![]() |
A variant of efficient transformers which replaces softmax with kernels.
tfm.nlp.layers.KernelAttention(
feature_transform='exp',
num_random_features=256,
seed=0,
redraw=False,
is_short_seq=False,
begin_kernel=0,
scale=None,
scale_by_length=False,
use_causal_windowed=False,
causal_chunk_length=1,
causal_window_length=3,
causal_window_decay=None,
causal_padding=None,
**kwargs
)
This module combines ideas from the two following papers:
Rethinking Attention with Performers (https://arxiv.org/abs/2009.14794)
- exp (Lemma 1, positive), relu
- random/deterministic projection Chefs' Random Tables: Non-Trigonometric Random Features (https://arxiv.org/abs/2205.15317)
- expplus (OPRF mechanism)
Transformers are RNNs: Fast Autoregressive Transformers with Linear Attention (https://arxiv.org/abs/2006.16236)
- elu
with the theory of approximating angular Performer kernels from go/performer.

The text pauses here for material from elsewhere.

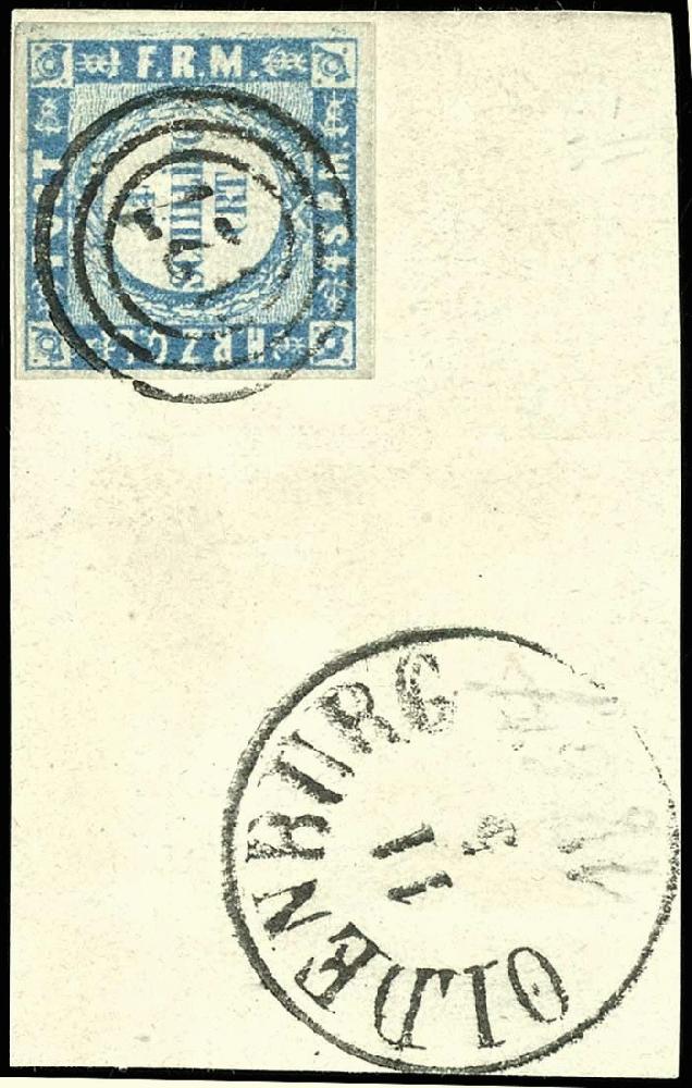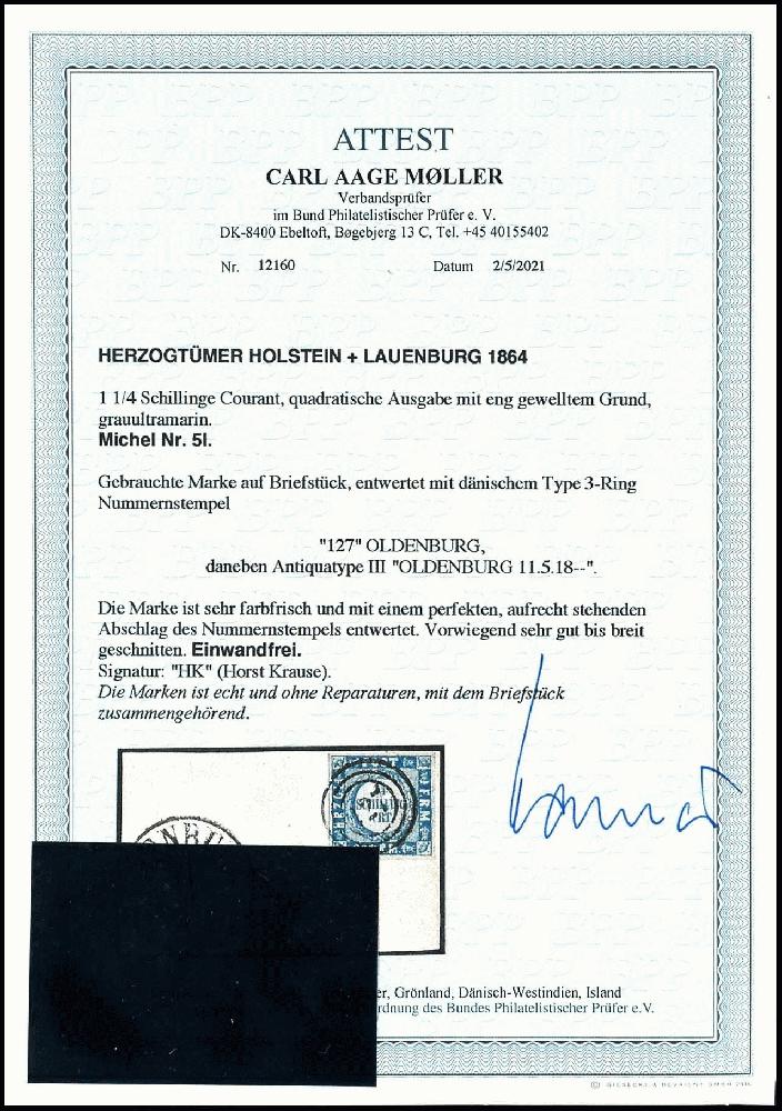 | Zusatzinformationen und Suchstichworte: | Dr. Reinhard Fischer 190. Auktion 27. - 28. Januar 2023 Los 911 Altdeutschland Schleswig Holstein 1 1/4 Schillinge grauultramarin, Type I = eng gewellter Grund, vollrandiges und farbfrisches Luxusstück mit Entwertung durch 3-Ring-Nummernstempel "127" und nebengesetzt Antiyuqtype III "Oldenburg 11.5" auf Briefstück, Fotoattest Carl Aage Moeller BPP: "echt und einwandfrei" Ausruf 80,00 EUR |

The module enables computing efficient attention in both: long sequence and shorter sequence regimes. In the former setting, the attention matrix is never explicitly computed and instead its low-rank decomposition obtained with given kernel feature maps is leveraged to conduct attention module calculations (see: https://arxiv.org/abs/2006.16236). In the latter setting, attention matrix is constructed, but kernel features providing dimensionality reduction are applied, resulting in more efficient computation of the attention matrix.
Methods
call
call(
query, value, key=None, attention_mask=None, cache=None, training=False
)
Compute attention with kernel mechanism.
Args | |
---|---|
query
|
Query Tensor of shape [B, T, dim] .
|
value
|
Value Tensor of shape [B, S, dim] .
|
key
|
Optional key Tensor of shape [B, S, dim] . If not given, will use
value for both key and value , which is the most common case.
|
attention_mask
|
a boolean mask of shape [B, S] , that prevents attenting
to masked positions. Note that the mask is only appied to the keys. User
may want to mask the output if query contains pads.
|
cache
|
Cache to accumulate history in memory. Used at inferecne time (streaming, decoding) for causal attention. |
training
|
Python boolean indicating whether the layer should behave in training mode (adding dropout) or in inference mode (doing nothing). |
Returns | |
---|---|
Multi-headed outputs of attention computation. |